_What is expected_: Would you transcribe the listing that follows word for word, skipping pictures?

_Given data_:
:::

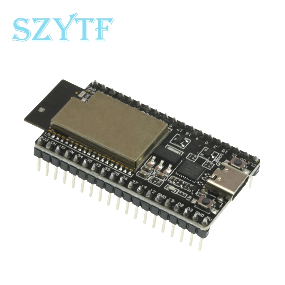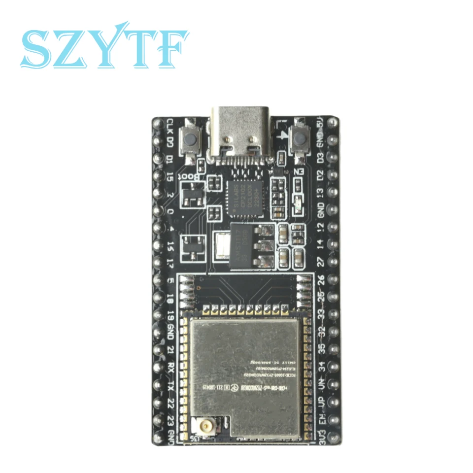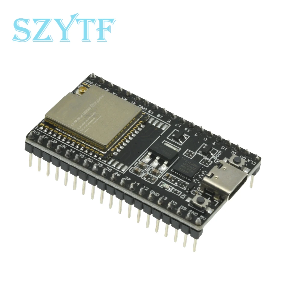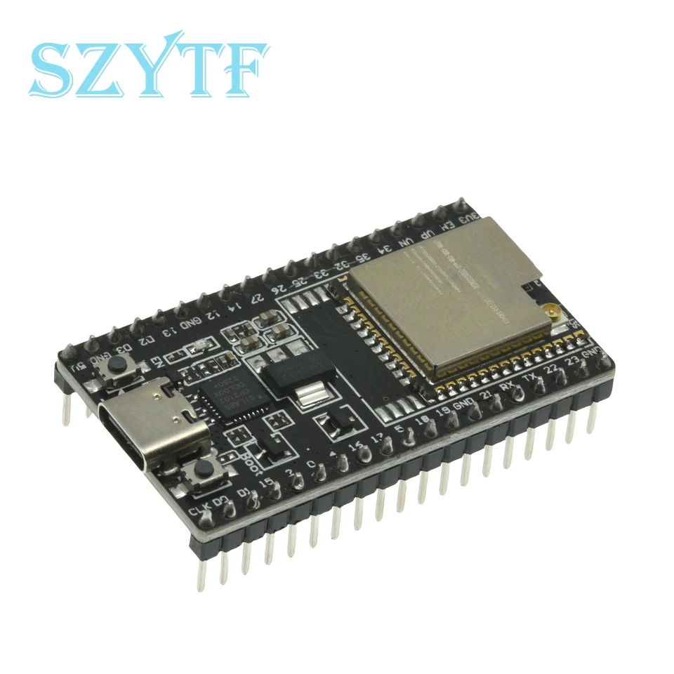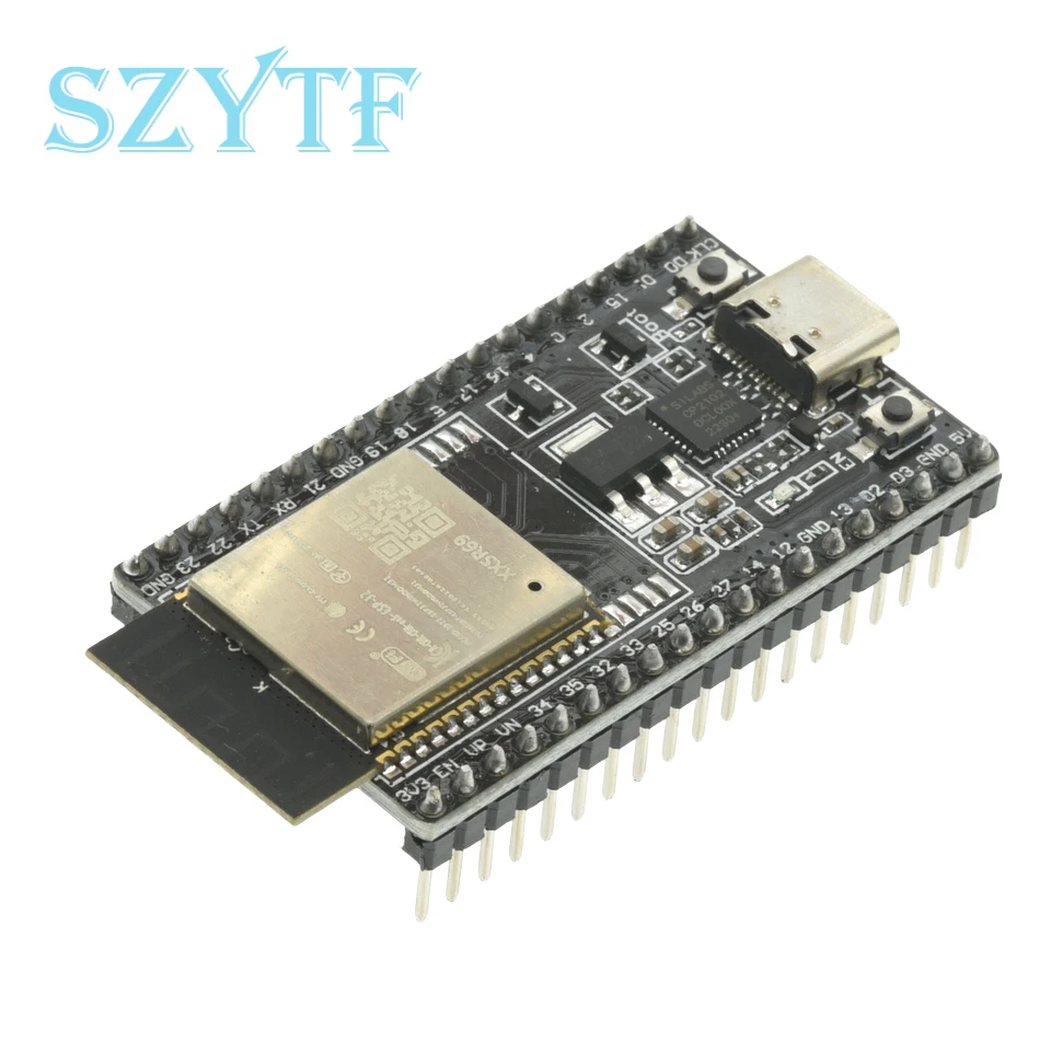 La placa de desarrollo ESP32 DevKitC adopta la interfaz TYPE-C convencional en la nueva versión, y la placa base puede equiparse con módulos ESP32: ESP-WROOM-32, ESP-WROOM-32D, ESP-WROOM-32U, ESP32.
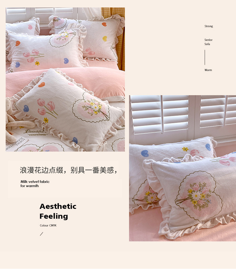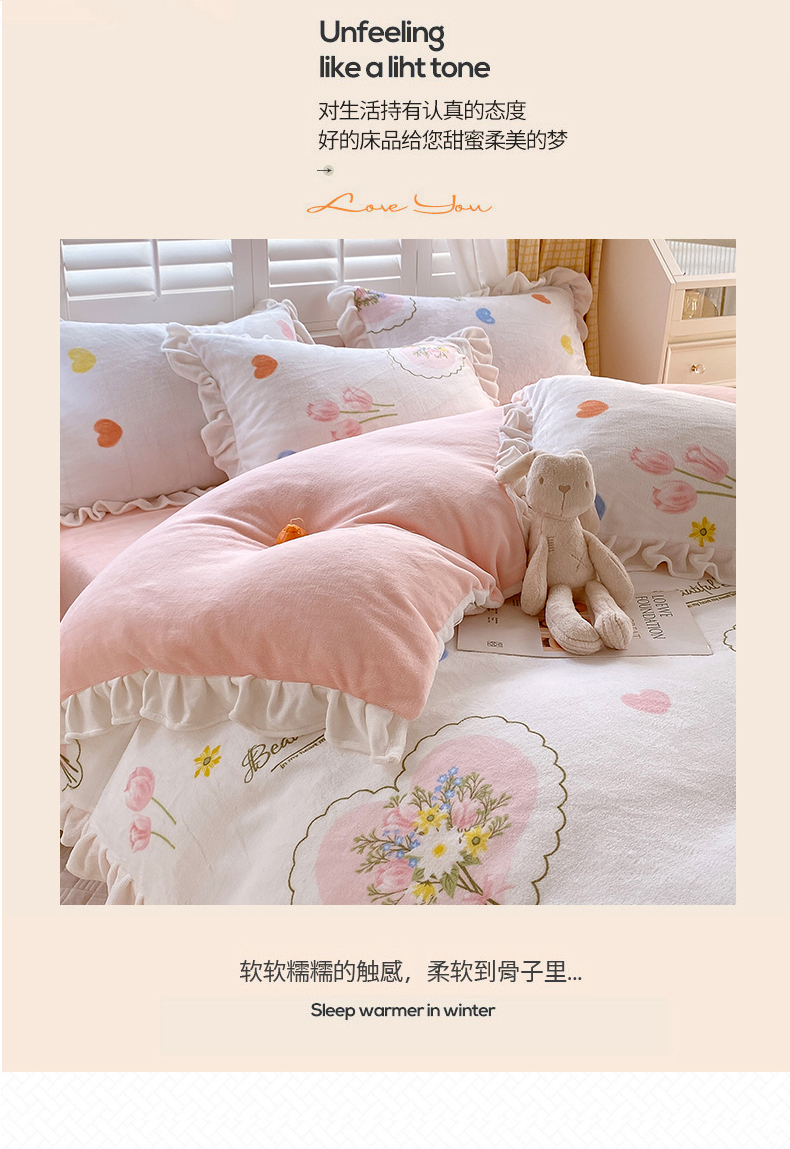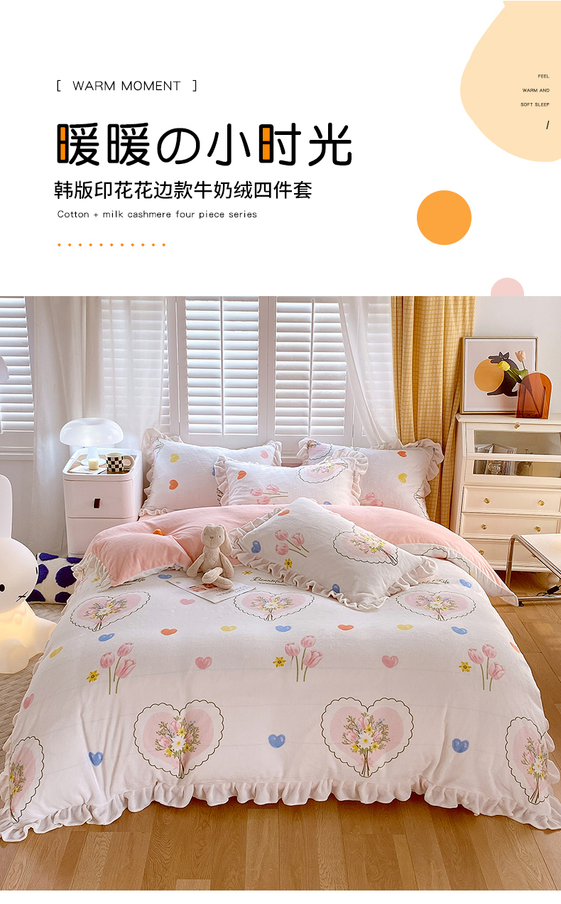 宜家坊 2023新款直播韩版印花花边款牛奶绒四件套 告白
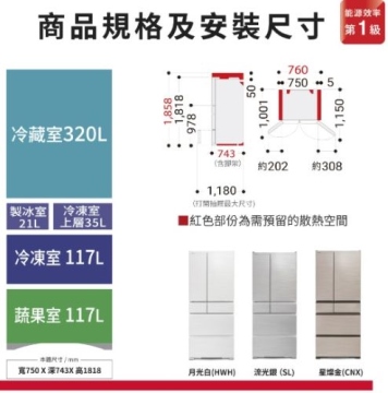 • 610公升 日本製變頻六門冰箱
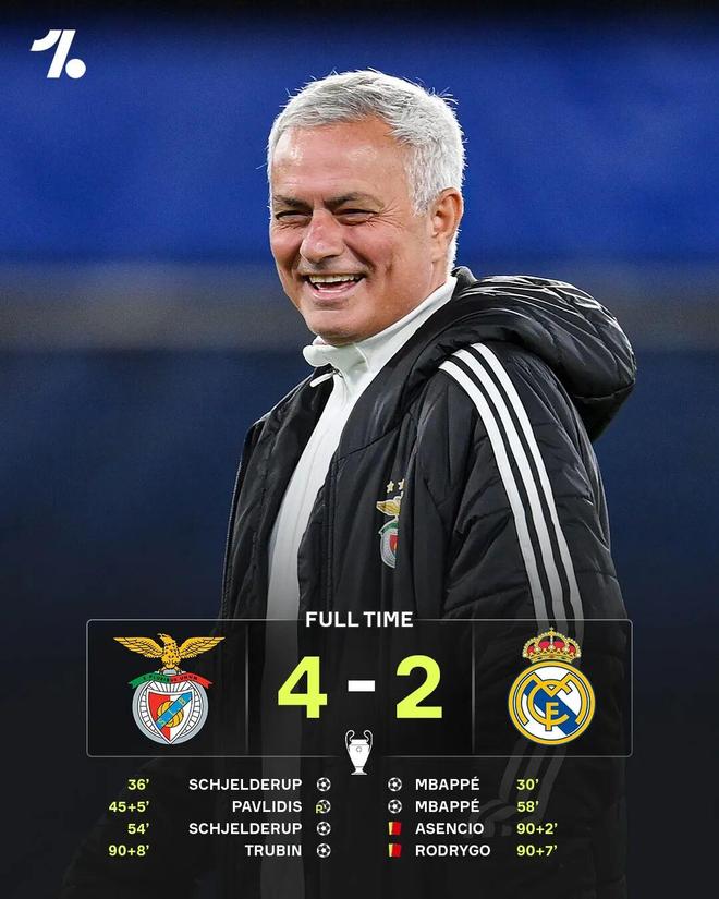 回顾本轮比赛,葡超堪称是最大赢家。葡萄牙体育客场3-2绝杀毕尔巴鄂竞技,成为欧冠前8唯一一支非五大联赛球队。而穆里尼奥带领的本菲卡则靠补时阶段门将特鲁宾的最后一击4-2击败皇马,将净胜球提升至-2,挤掉了同积9分,但净胜球为-3的马赛,最后时刻挺进了16强附加赛。

:::

_Result of this task_:
 La placa de desarrollo ESP32 DevKitC adopta la interfaz TYPE-C convencional en la nueva versión, y la placa base puede equiparse con módulos ESP32: ESP-WROOM-32, ESP-WROOM-32D, ESP-WROOM-32U, ESP32.
 宜家坊 2023新款直播韩版印花花边款牛奶绒四件套 告白
 • 610公升 日本製變頻六門冰箱
 回顾本轮比赛,葡超堪称是最大赢家。葡萄牙体育客场3-2绝杀毕尔巴鄂竞技,成为欧冠前8唯一一支非五大联赛球队。而穆里尼奥带领的本菲卡则靠补时阶段门将特鲁宾的最后一击4-2击败皇马,将净胜球提升至-2,挤掉了同积9分,但净胜球为-3的马赛,最后时刻挺进了16强附加赛。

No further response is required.